DATETIME2 <- myData$DATETIME
# ?cbind
myData1 <- cbind(myData, DATETIME2)
View(myData1)
# ?separate()
myData2 <- separate(myData1, DATETIME2, c("Date","Time"), sep = " ")
View(myData2)

# Save as CSV file
write.csv(myData2, "DisasterEvent_Split.csv")
-----------------------------------------------------------------------------------------------------------------------

2.2 Data preprocessing

Then, this project use NLP and tm package and import csv file “DisasterEvent_Split.csv” to remove stop words, URL, punctuation, and numbers. It also does lowercase.
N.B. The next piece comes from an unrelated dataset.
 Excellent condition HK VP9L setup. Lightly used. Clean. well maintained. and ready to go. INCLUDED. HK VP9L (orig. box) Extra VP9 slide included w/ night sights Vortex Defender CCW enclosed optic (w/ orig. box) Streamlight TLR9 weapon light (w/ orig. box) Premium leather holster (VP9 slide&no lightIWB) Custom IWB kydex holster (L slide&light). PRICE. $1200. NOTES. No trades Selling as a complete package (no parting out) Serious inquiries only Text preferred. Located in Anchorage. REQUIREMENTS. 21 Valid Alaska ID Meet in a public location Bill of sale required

Final step is saving as a CSV file “DisasterEvent_RemoveWords.csv”.

----------------------------------------------------- RStudio -------------------------------------------------------

# Text Mining

library(NLP)

library(tm)

library(SnowballC)

# Read CSV file

myData = read.csv("DisasterEvent_Split.csv",stringsAsFactors = FALSE)

View(myData)

myData$MESSAGE

# Remove Words

myData$MESSAGE <- gsub("\xa1", '', myData$MESSAGE)

myData$MESSAGE <- gsub("\xfd", '', myData$MESSAGE)
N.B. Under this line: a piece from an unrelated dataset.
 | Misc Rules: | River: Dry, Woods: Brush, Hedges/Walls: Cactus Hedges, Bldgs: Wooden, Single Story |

myData$MESSAGE <- gsub("\x93", '', myData$MESSAGE)

myData$MESSAGE <- gsub("\x81", '', myData$MESSAGE)

myData$MESSAGE <- gsub("\xf3", '', myData$MESSAGE)

myData$MESSAGE <- gsub("\xfc", '', myData$MESSAGE)

myData$MESSAGE <- gsub("\x9c", '', myData$MESSAGE)

# Remove "¡"

myData$MESSAGE <- gsub("¡", '', myData$MESSAGE)

# Remove URL

myData$MESSAGE <- gsub('http.* *', '', myData$MESSAGE)

myData$MESSAGE <- gsub('http.*\\s*', '', myData$MESSAGE)

myData$MESSAGE <- gsub('http\\S+\\s*', '', myData$MESSAGE)

# View(myData)

# Remove Punctuation

myData$MESSAGE <- removePunctuation(myData$MESSAGE)

# lowercase

myData$MESSAGE <- tolower(myData$MESSAGE)

# Replacing “/”, “@” and “|” with space

myData$MESSAGE <- gsub("<", '', myData$MESSAGE)

myData$MESSAGE <- gsub(">", '', myData$MESSAGE)

myData$MESSAGE <- gsub("/", '', myData$MESSAGE)

myData$MESSAGE <- gsub("@", '', myData$MESSAGE)

myData$MESSAGE <- gsub("\\|", '', myData$MESSAGE)

# Remove Numbers

myData$MESSAGE <- tm::removeNumbers(myData$MESSAGE)

# Remove Stop Words

myData$MESSAGE <- tm_map(myData$MESSAGE, removeWords, stopwords('english'))

View(myData)

# Save as CSV file

write.csv(myData, "DisasterEvent_RemoveWords.csv")

-----------------------------------------------------------------------------------------------------------------------

Milestone 3: Mining Tool Preparation

3.1 This step imports csv file and uses foreign package to change and save arff file “DisasterEvent.arff”.

----------------------------------------------------- RStudio -------------------------------------------------------

# Step 3.1 csv to ARFF

library(foreign)

# READ CSV file

myData <- read.csv("DisasterEvent_RemoveWords.csv")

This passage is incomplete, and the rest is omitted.